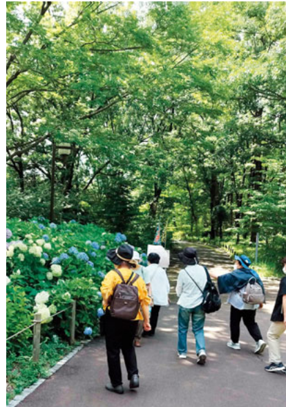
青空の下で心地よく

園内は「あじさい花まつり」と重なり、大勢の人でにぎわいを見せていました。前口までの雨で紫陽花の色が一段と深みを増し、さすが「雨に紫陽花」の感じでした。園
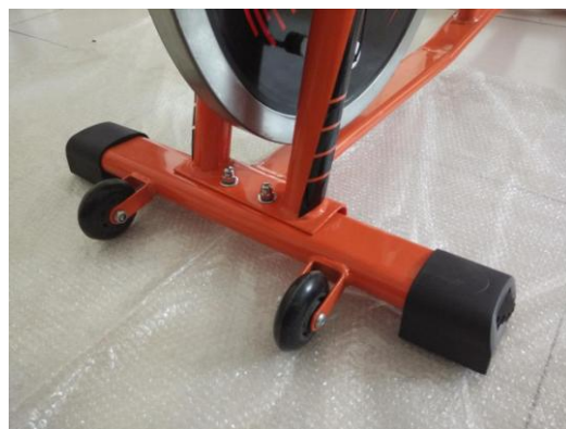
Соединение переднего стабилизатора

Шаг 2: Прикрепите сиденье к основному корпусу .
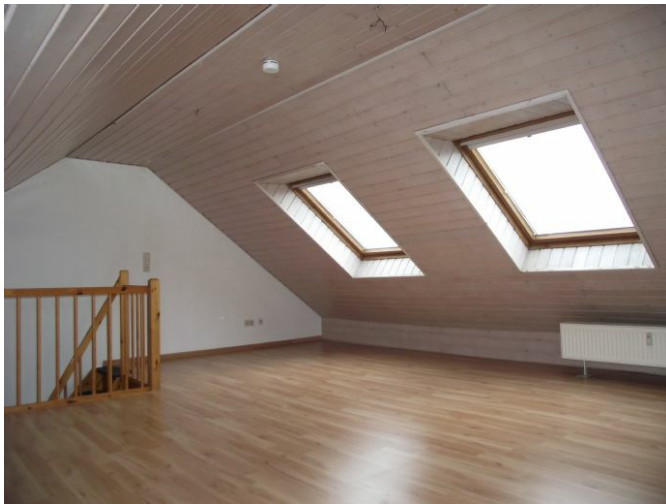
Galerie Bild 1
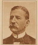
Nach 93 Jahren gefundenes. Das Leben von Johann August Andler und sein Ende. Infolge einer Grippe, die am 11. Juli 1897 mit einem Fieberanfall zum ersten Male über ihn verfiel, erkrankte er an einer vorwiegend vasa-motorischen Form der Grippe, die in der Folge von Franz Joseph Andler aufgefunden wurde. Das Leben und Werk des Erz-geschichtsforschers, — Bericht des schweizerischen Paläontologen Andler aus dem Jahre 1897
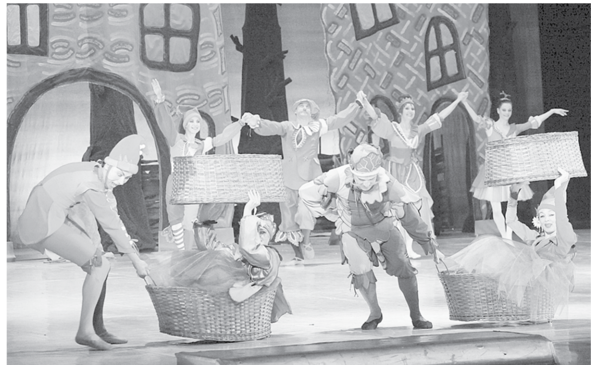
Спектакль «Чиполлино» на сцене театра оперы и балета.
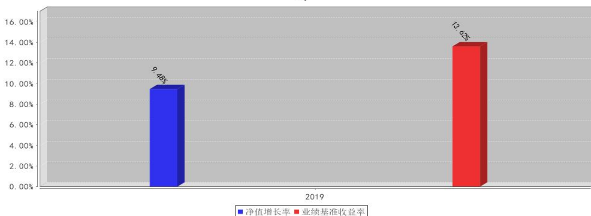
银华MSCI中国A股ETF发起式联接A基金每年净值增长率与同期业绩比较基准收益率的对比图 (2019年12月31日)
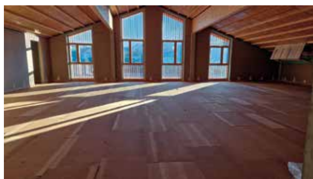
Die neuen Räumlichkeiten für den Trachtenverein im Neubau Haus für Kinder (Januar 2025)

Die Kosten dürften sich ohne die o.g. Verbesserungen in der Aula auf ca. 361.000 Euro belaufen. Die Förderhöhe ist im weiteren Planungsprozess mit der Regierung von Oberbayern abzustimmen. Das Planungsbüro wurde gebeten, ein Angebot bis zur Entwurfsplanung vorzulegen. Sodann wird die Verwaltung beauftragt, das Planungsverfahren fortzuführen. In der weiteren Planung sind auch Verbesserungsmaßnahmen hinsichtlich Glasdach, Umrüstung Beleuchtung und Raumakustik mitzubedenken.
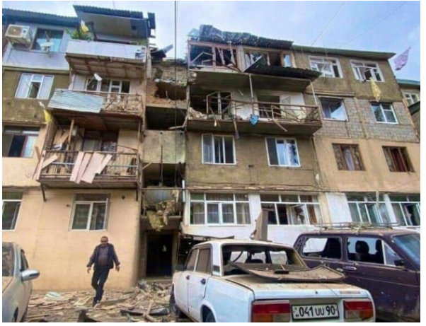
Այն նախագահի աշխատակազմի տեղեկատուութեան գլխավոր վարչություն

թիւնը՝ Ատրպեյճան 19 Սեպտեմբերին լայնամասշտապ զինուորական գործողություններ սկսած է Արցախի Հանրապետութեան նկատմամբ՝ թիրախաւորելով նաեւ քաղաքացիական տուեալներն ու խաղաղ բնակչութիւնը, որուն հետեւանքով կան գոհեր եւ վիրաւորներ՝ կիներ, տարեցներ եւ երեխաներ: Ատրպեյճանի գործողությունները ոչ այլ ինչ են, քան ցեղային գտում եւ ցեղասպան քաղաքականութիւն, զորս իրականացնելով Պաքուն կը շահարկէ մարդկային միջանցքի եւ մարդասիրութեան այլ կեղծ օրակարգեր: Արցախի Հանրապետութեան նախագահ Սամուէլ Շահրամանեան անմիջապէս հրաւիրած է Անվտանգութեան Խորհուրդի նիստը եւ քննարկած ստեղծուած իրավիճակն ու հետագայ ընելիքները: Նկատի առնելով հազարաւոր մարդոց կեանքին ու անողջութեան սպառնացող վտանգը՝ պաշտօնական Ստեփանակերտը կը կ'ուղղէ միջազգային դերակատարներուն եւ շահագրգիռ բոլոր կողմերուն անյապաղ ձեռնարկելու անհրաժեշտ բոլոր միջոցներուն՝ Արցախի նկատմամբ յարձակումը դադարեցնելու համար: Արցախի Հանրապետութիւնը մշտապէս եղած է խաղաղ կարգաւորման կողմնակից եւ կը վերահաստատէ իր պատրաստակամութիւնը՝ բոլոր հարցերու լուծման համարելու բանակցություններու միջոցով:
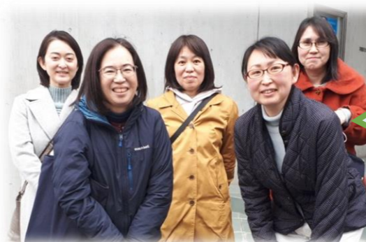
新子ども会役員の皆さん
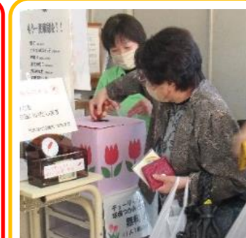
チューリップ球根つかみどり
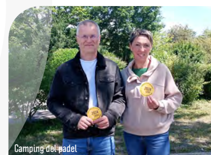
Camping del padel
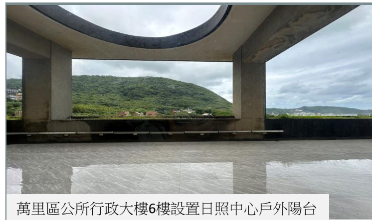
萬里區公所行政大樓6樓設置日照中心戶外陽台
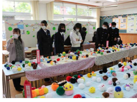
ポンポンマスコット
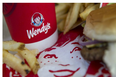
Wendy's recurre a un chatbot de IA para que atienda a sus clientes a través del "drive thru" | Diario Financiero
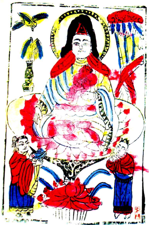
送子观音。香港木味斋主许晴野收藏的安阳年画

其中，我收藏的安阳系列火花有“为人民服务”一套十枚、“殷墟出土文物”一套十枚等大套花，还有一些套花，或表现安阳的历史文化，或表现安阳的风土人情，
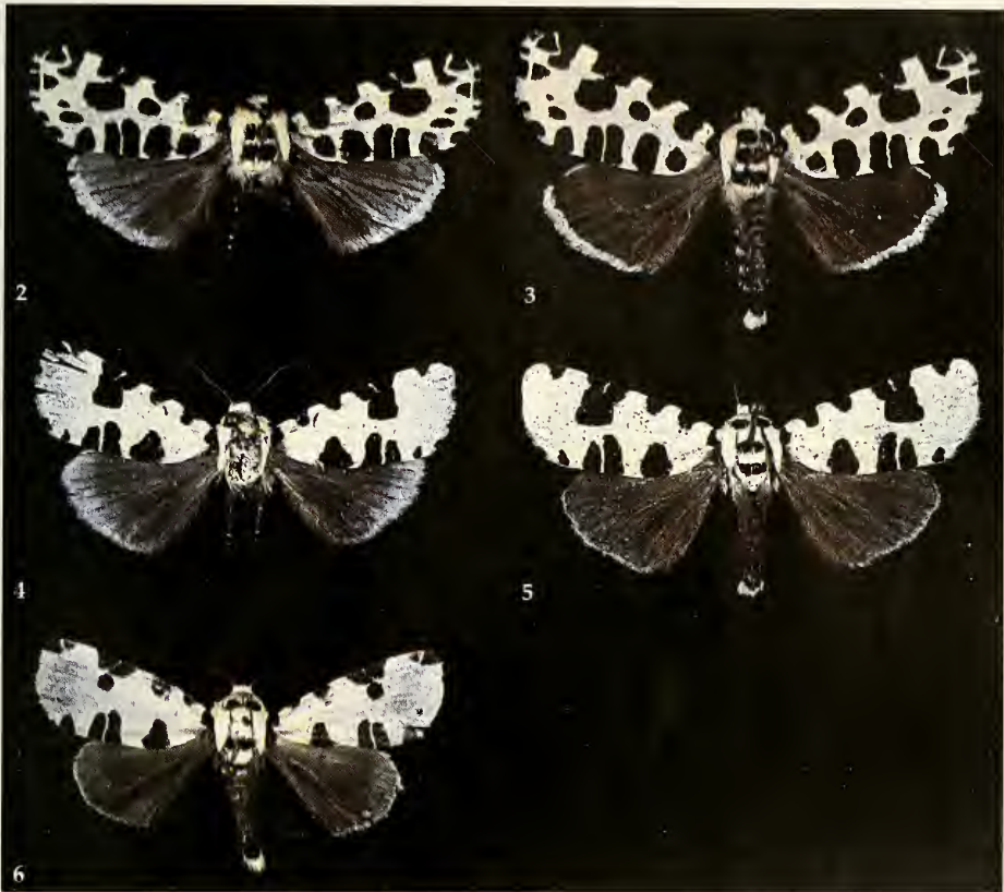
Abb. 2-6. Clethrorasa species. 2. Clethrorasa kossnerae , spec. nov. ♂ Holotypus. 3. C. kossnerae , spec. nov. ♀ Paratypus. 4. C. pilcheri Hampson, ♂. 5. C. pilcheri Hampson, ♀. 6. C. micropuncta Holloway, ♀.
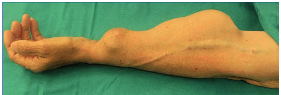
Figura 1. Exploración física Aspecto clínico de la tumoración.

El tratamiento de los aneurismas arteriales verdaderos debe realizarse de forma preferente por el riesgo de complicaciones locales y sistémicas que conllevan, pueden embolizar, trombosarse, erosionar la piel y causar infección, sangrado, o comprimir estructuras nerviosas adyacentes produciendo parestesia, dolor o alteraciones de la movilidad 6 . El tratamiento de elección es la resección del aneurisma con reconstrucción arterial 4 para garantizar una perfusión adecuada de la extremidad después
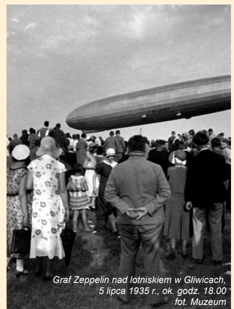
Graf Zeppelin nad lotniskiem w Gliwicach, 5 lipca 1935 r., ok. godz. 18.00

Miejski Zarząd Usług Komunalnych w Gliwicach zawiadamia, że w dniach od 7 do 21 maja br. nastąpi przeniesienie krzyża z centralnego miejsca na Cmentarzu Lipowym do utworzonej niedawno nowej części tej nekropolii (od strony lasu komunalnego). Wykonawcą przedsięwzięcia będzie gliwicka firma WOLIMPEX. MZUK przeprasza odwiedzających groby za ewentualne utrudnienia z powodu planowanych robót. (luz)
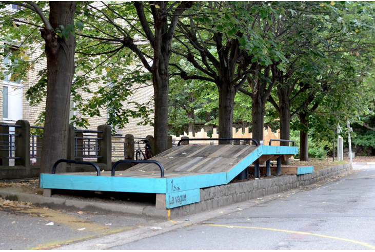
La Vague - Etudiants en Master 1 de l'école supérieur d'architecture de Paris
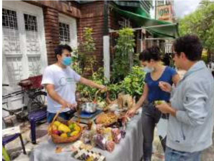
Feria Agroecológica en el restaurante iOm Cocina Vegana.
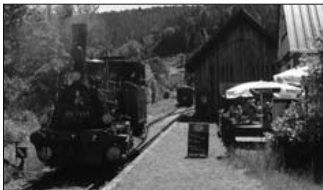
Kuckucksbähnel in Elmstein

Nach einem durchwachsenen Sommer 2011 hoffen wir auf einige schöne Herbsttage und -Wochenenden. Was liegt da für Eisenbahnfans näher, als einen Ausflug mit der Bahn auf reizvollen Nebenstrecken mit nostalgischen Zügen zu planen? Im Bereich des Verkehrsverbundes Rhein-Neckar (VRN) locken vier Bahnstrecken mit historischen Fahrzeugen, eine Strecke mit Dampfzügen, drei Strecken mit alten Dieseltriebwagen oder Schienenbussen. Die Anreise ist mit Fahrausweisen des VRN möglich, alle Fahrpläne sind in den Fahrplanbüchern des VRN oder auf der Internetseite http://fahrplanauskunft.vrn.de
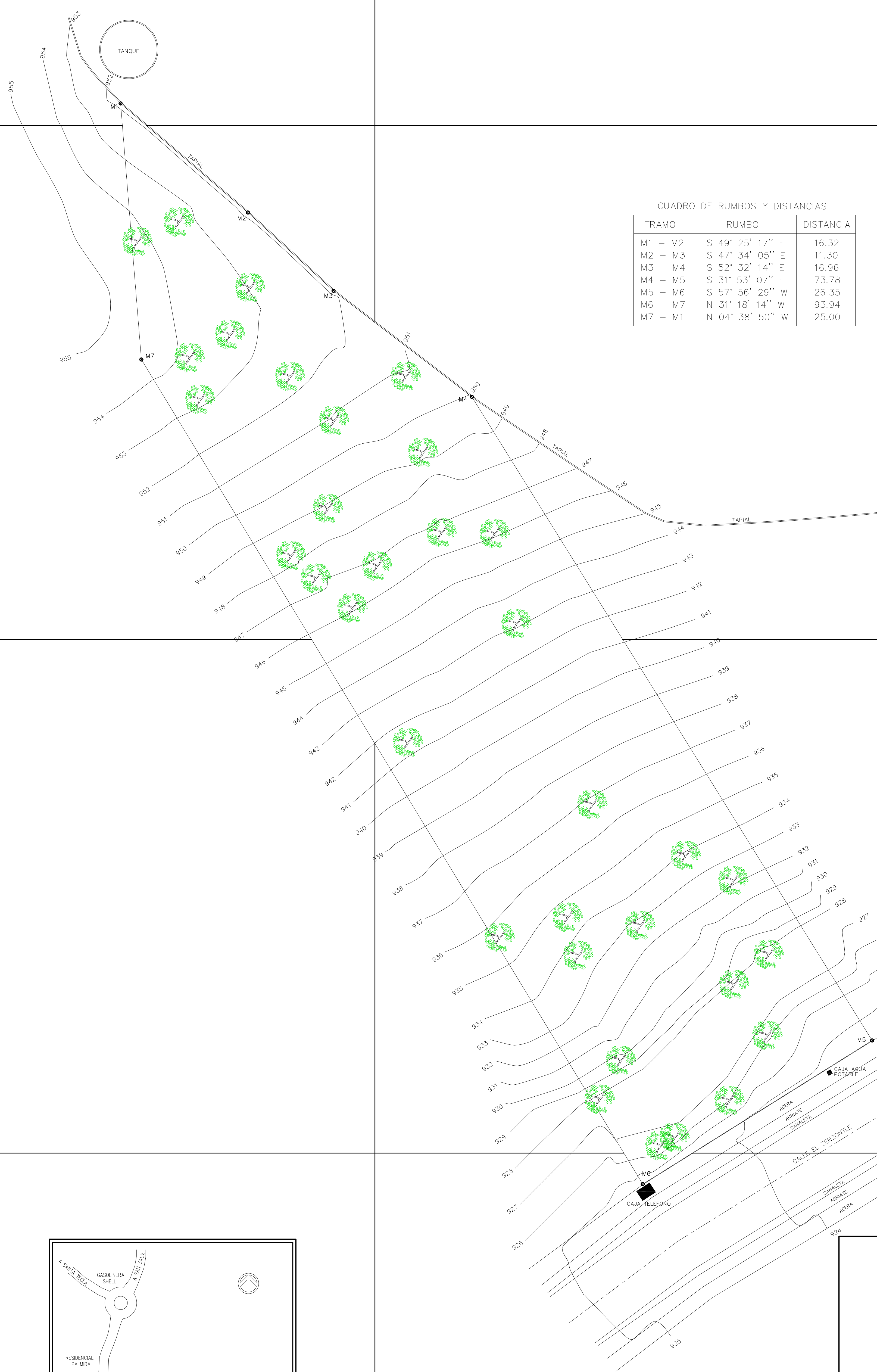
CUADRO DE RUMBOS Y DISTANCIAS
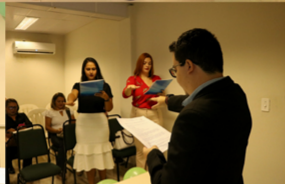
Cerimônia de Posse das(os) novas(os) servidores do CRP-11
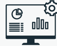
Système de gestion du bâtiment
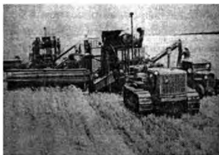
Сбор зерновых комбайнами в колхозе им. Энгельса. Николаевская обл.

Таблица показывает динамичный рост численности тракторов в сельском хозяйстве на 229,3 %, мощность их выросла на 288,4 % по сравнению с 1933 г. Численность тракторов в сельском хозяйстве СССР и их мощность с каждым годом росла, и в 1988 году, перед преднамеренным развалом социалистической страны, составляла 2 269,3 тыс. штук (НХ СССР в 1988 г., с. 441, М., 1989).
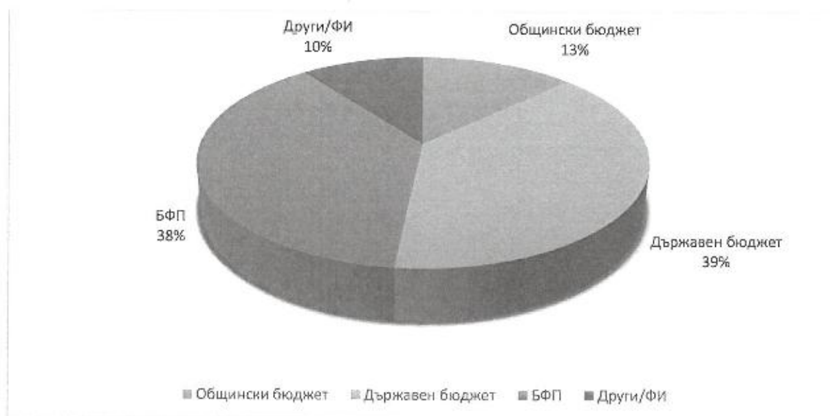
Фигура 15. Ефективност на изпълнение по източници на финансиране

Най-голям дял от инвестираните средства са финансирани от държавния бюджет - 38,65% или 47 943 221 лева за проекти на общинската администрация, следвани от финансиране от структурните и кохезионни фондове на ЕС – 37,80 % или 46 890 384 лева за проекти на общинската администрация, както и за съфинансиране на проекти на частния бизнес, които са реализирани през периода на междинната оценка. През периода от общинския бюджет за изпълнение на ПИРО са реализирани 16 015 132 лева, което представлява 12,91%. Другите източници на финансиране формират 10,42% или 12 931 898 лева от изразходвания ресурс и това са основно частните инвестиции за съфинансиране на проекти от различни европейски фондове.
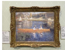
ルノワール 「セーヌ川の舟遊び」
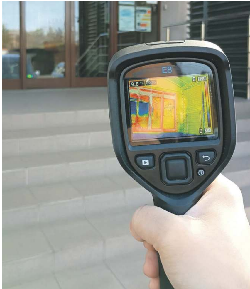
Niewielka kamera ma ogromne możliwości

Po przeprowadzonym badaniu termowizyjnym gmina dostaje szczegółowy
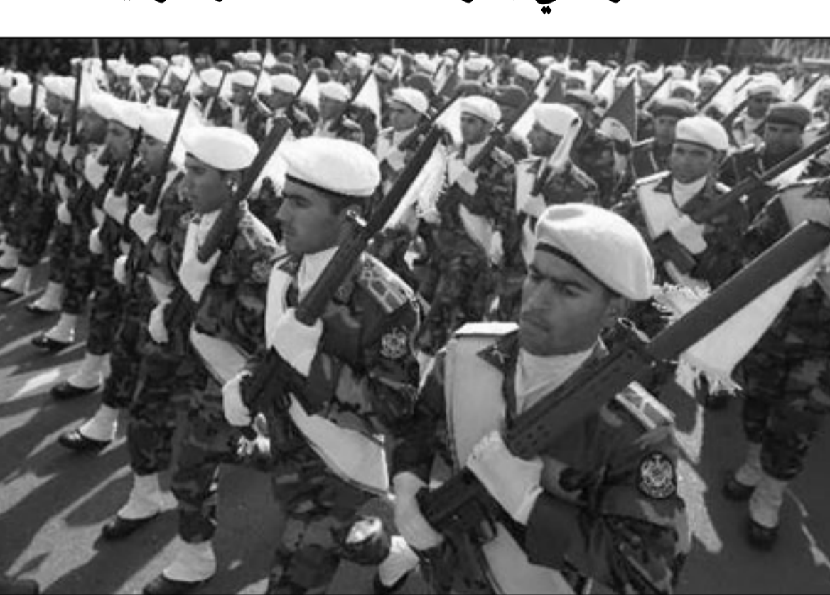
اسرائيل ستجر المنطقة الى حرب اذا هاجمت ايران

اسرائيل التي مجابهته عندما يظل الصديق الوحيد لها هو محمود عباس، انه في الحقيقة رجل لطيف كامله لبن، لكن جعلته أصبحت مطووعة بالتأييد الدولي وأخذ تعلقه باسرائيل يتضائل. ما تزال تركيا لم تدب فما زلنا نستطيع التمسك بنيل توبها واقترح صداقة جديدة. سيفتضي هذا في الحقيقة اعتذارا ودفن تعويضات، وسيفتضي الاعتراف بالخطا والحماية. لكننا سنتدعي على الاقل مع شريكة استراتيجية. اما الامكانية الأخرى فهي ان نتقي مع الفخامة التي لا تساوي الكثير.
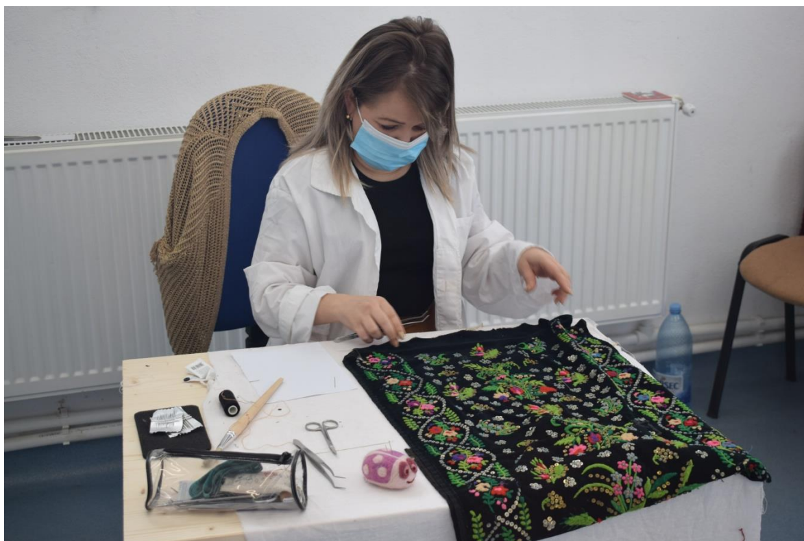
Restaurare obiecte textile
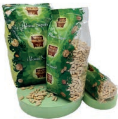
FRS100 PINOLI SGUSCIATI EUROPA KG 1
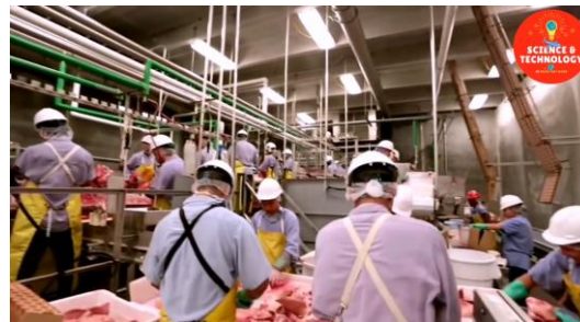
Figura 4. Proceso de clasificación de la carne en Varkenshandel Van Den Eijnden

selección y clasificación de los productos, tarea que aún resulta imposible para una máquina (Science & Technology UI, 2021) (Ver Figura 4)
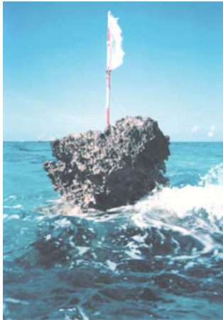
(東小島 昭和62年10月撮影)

□ □ □ □ □

#### [WHAT THE EXERCISE ASKS]
Copy the listing above exactly, but only from the line with "Nach 93 Jahren" through the line with "Այն նախագահի աշխատակազմի", including those two lines and excluding any picture.

#### [RESPONSE TO THIS EXERCISE]
Nach 93 Jahren gefundenes. Das Leben von Johann August Andler und sein Ende. Infolge einer Grippe, die am 11. Juli 1897 mit einem Fieberanfall zum ersten Male über ihn verfiel, erkrankte er an einer vorwiegend vasa-motorischen Form der Grippe, die in der Folge von Franz Joseph Andler aufgefunden wurde. Das Leben und Werk des Erz-geschichtsforschers, — Bericht des schweizerischen Paläontologen Andler aus dem Jahre 1897
Спектакль «Чиполлино» на сцене театра оперы и балета.
银华MSCI中国A股ETF发起式联接A基金每年净值增长率与同期业绩比较基准收益率的对比图 (2019年12月31日)
Die neuen Räumlichkeiten für den Trachtenverein im Neubau Haus für Kinder (Januar 2025)

Die Kosten dürften sich ohne die o.g. Verbesserungen in der Aula auf ca. 361.000 Euro belaufen. Die Förderhöhe ist im weiteren Planungsprozess mit der Regierung von Oberbayern abzustimmen. Das Planungsbüro wurde gebeten, ein Angebot bis zur Entwurfsplanung vorzulegen. Sodann wird die Verwaltung beauftragt, das Planungsverfahren fortzuführen. In der weiteren Planung sind auch Verbesserungsmaßnahmen hinsichtlich Glasdach, Umrüstung Beleuchtung und Raumakustik mitzubedenken.
Այն նախագահի աշխատակազմի տեղեկատուութեան գլխավոր վարչություն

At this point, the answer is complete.